Но видела Эйла-Разумная, как смотрит Юкко на Ласточку. А она, взгляда не замечая, волосы ему расчесывает. Бороду стрижет. И рубахи чинит, будто именно Юкко обезножевший был ей законным мужем. И Туве жене не перечил.
Горе, горе…
Его выметала Эйла из дому веником березовым. Его выкуривала дымом. Его выпроваживала, выстилая дорожку отборным зерном. Да только не выходило ничего. Чуяла Эйла: зреет истинная беда нарывом гнойным. Того и гляди, прорвется.
И как тогда быть?
Туве не хотел бить жену. Само вышло. Словно кто под руку толкнул. Вот сидит Тойе рядом с лавкой, пряжу прядет. Вот лежит Юкко, режет из белого березового поленца зверя. Резать режет, но не на руки смотрит – на Тойе. И если бы зависть была во взгляде… зависть Туве простил бы. Но Юкко глядит с нежностью.
На нее?
Теперь?
Некрасива стала. Сама тоща. Живот выпирает. С лица подурнела, как если бы дитя выпило всю материну красоту. Волос и тот тусклым стал, точно грязным. А на лице пятна проступили. Вот только взгляд остался прежним, горделивым не в меру.
Чем ей гордиться?

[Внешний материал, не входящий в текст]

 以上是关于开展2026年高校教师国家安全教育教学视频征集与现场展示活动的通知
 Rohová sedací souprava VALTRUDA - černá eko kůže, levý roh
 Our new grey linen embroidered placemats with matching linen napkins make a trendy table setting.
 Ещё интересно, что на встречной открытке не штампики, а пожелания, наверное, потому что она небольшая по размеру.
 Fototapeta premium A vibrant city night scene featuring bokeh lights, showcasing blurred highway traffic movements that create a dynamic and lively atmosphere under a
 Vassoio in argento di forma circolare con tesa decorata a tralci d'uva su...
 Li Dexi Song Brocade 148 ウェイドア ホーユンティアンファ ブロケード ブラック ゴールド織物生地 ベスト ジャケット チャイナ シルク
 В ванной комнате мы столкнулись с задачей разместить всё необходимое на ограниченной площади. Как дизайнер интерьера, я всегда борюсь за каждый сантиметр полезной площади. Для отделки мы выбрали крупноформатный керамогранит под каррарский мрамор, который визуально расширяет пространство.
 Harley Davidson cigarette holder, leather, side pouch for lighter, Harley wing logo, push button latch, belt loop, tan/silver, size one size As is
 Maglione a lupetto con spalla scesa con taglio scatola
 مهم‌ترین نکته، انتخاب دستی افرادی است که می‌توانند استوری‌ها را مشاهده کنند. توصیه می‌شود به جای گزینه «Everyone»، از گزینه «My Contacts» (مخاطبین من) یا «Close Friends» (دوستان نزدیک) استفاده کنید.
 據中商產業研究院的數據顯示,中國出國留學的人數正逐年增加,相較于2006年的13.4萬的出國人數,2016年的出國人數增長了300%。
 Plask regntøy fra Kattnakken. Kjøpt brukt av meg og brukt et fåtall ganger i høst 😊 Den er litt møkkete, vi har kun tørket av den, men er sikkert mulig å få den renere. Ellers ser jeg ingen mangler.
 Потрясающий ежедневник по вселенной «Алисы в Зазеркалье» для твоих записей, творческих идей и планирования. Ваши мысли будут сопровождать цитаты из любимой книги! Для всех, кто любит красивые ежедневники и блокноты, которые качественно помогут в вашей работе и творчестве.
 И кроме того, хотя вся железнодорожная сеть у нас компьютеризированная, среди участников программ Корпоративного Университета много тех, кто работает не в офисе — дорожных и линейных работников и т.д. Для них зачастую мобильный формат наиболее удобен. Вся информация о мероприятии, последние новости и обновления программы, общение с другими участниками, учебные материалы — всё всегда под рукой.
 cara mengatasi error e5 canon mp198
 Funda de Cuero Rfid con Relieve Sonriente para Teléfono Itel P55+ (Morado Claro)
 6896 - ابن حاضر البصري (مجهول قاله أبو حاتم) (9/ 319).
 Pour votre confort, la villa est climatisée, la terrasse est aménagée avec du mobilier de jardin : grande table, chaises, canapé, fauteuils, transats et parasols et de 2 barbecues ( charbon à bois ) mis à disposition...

Тем, что люди в спину тычут, гадая, чье же дитя Тойе носит?
Тем, что горе привела в чужой дом?
Из-за нее Туве ведьму убил. Из-за нее ныне проклят. Варяги пришли… волки пришли… Юкко ног лишился… и весна, как матушка предсказала, выдалась сырою, холодной. А если и лето будет под стать весне, то не вызреет хлеб.
Голод придет.
Точно, ведьма прокляла… Ведьма и Ласточка.
Она же поднялась, отложила пряжу и потянулась, упершись руками в спину.
– Болит? – спросил Юкко, откладывая резьбу.
– Толкается. Скоро уже.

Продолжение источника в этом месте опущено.